As I turned to leave she said, “Are you okay? No offense, Adam, but you look like shit.”
“I haven’t slept much.”
“Yeah, well.” Her gaze went a little quavery. “Welcome to the club. Oh, I remembered something. Something I meant to tell you. About the guys who came to visit me? The ones you drew a picture of at the beach?”
It seemed like a long time ago. “What about them?”
“The guy who did most of the talking—you asked about his face, and that’s what I was trying to remember. But he had another, uh, distinguishing feature. Not his face. His hand. There was a mark on it.”
“A mark?”
“A tattoo. A little one. Actually not his hand but just above the wrist? I saw it when his shirt cuff rode up.”
“What did it look like?”
The medication was beginning to kick in. She smiled dreamily. “A window.”
“I’m sorry—a window?”
“A box. A rectangle. A tall box. With a line across it. Like an old-fashioned window, the kind where you lift the lower pane. Know what I mean? Like a letter H, but with three cross lines, top bottom and middle. Does that mean anything?”
“Yes,” I said. “It does.”
* * *
We rolled up our Vancouver operation in November of that year. Which was good, because by then I was desperately homesick. I missed Lisa and Loretta. I missed their big, warm house in Toronto. I wanted to be there when they put up the Christmas tree—usually a huge spruce, decked out with Victorian ball ornaments and spun-glass angels and silver menorahs and any other ecumenical or secular decoration any tranche member felt like attaching to it.
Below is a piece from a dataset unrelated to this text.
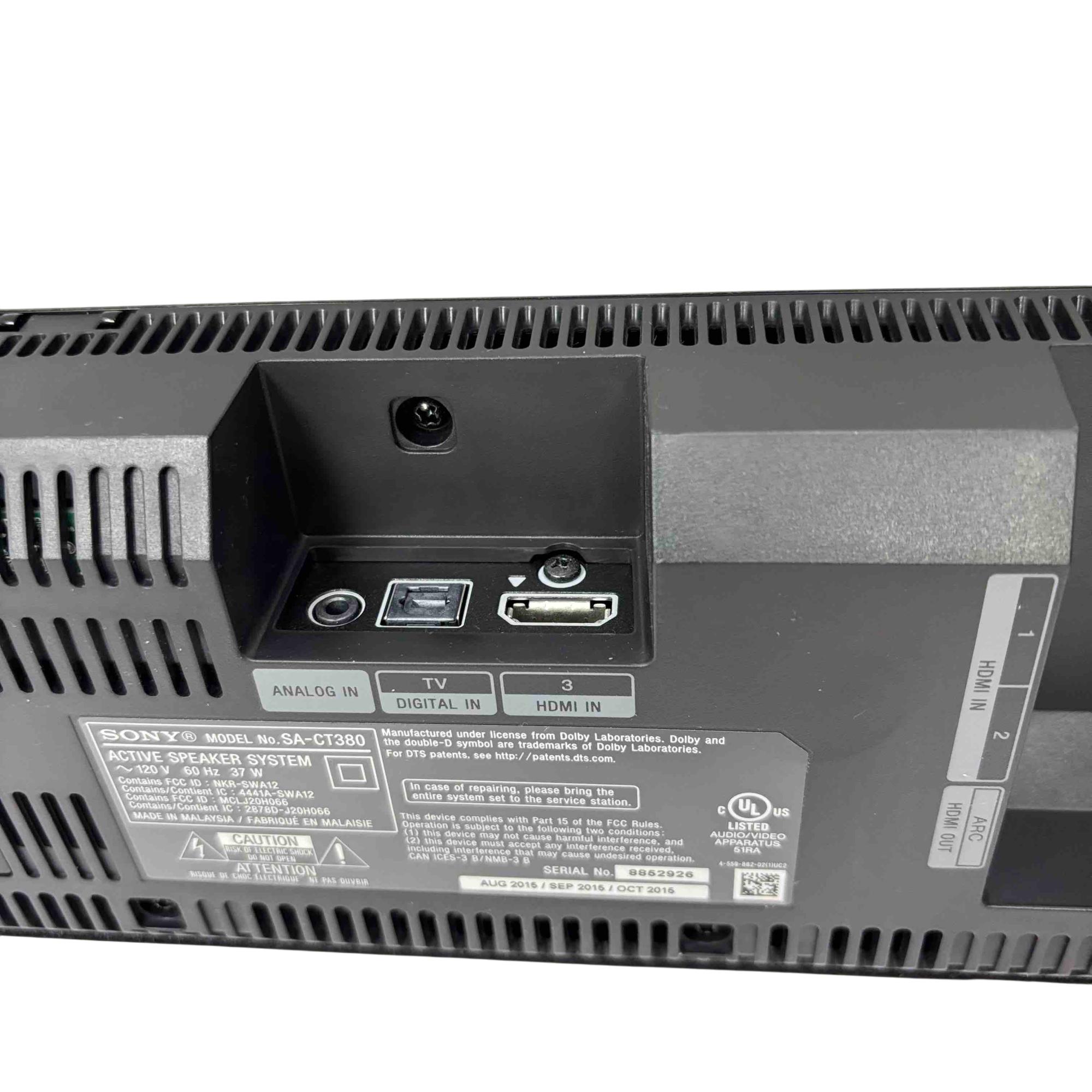 Experience immersive home theater sound with the Sony SA-WCT380 Soundbar and Subwoofer System. This sleek, black system includes a powerful subwoofer and a matching soundbar, providing room-filling audio and deep bass for your TV, movies, and music. Perfect for upgrading your entertainment setup, this lightly used Sony set includes all necessary wiring and a remote for convenient control.

I wanted to be home for Christmas, Hannukah, Kwanzaa, Dognzhi, Pancha Ganapati, Shabe Yaldā, Saturnalia, and what-have-you. That was what I wanted.
Damian needed to be back in Toronto for another reason. Toronto was where his law offices were, and the war between Tau and InterAlia was being fought with writs and court appointments. That wasn’t necessarily a bad thing: InterAlia was in a severely weakened condition, which gave us some leverage. The company’s stock had declined to record lows and there were rumors of an impending bankruptcy.
Damian and I went out for an early dinner on our last day in the city. A couple of blocks down Robson there was a restaurant that served good and reasonably affordable schnitzel. The staff had come to recognize us as regulars, and I assumed they also recognized the two Tau security guys who habitually followed us in and kept watch over us from a table of their own. The evening crowd hadn’t arrived yet, and we had enough space and privacy to speak freely.
For years Damian and his law firm had been conducting pitched battles with InterAlia over the autonomy of Tau. The corporation was jealous of its intellectual property, and the last thing they wanted was any kind of legal judgment that might recognize the Affinities as quasi-ethnicities, even invented ones. But what had lately crippled InterAlia were the legal challenges from unaffiliated sources: class action suits, discrimination cases. Most of the Affinities—Tau on the vanguard—had created institutions that served their members exclusively. We had established, for example, a network of Tau rehab clinics, staffed by Taus and catering to Taus with substance-abuse problems. The success rate of our clinics was spectacular, with a recidivism rate half that of standard treatment. But we routinely turned away non-Taus. Did that mean our clinics (or our financial services, another area Damian had pioneered) were discriminatory? InterAlia didn’t officially sanction these Affinity-specific businesses, which meant Tau had been forced to fend off similar legal attacks; in all of these cases our lawyers had attempted to subpoena InterAlia’s sorting protocols; and in every case InterAlia had resisted, which meant costly out-of-court settlements or lengthy legal challenges, several of which were currently wending their way toward Supreme Court decisions.
But that was old news. As of yesterday, Damian told me, InterAlia had folded its cards and pushed away from the table. “Partly because they found out Klein had arranged for their proprietary algorithms to be posted all over the Internet. Between that and the ongoing litigation, the writing was already on the wall.”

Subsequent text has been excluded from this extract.